- Born: May 12, 1895
- Died: November 23, 1983 (aged 88)
- Known for: dermatology
- Scientific career
- Fields: medicine

= Marion Sulzberger =

American dermatologist

Marion Baldur Sulzberger (12 May 1895 - 23 November 1983) was an American dermatologist known for major contributions in his discipline.

== Early life ==
Marion Baldur Sulzberger was born in New York City on March 12, 1895. After graduating from Franklin School, he attended Pennsylvania Military College and then Harvard University. He left Harvard after his first year. He was a pilot for the US Navy during World War I.

== Career ==
He received his training in dermatology in Zurich (Switzerland) from 1926 to 1929. In 1928, two years after the Swiss dermatologist Bruno Bloch, he published a paper on a syndrome later on named Bloch-Sulzberger syndrome.

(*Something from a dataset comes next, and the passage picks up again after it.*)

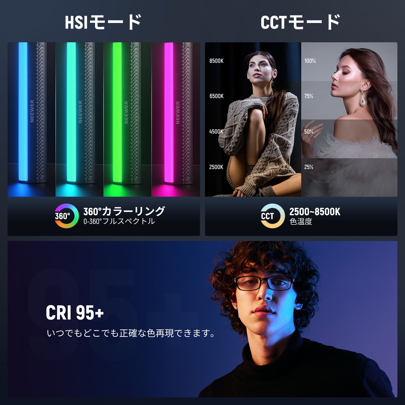 - 【多用途手持ちRGBカラフルスティックライト】NEEWER 10W RGBライトは195個の強力なLEDを搭載し、0.5mで最大照度730luxを実現し、95+CRIでちらつきやまぶしさなしに、より正確な演色性を実現します。サイズは9"x 1.6"x 1.8"/ 228 x 40 x 45mm、重さはわずか270gで、片手でグリップすることができ、カメラギア写真撮影、撮影、生放送、パーティー、結婚式、キャンプ、静物写真、スタジオ写真撮影、YouTube / TikTokビデオ録画などに最適な照明アクセサリーです。

He practiced dermatology in New York City from 1929 to 1961. He also taught dermatology at New York Post-Graduate Medical School, which was then part of Columbia University. In 1949, he was the George Miller MacKee Professor and chairman of the Department of Dermatology at New York University Medical Center. He was named professor emeritus in 1960.

Sulzberger was the first technical director of the Letterman Army Institute of Research in San Francisco. He was a clinical professor of dermatology at the University of California at San Francisco and was nemed emeritus professor in 1975.

In addition to his scientific achievements, he helped found the Journal of Investigative Dermatology and the Society of Investigative Dermatology, and served on the first board of directors of the American Academy of Dermatology.

Sulzberger published more than 400 scientific articles. A pivotal paper of Sulzberger and Witten in 1952 on Compound F (later named hydrocortisone) introduced topical glucocorticoids into dermatology.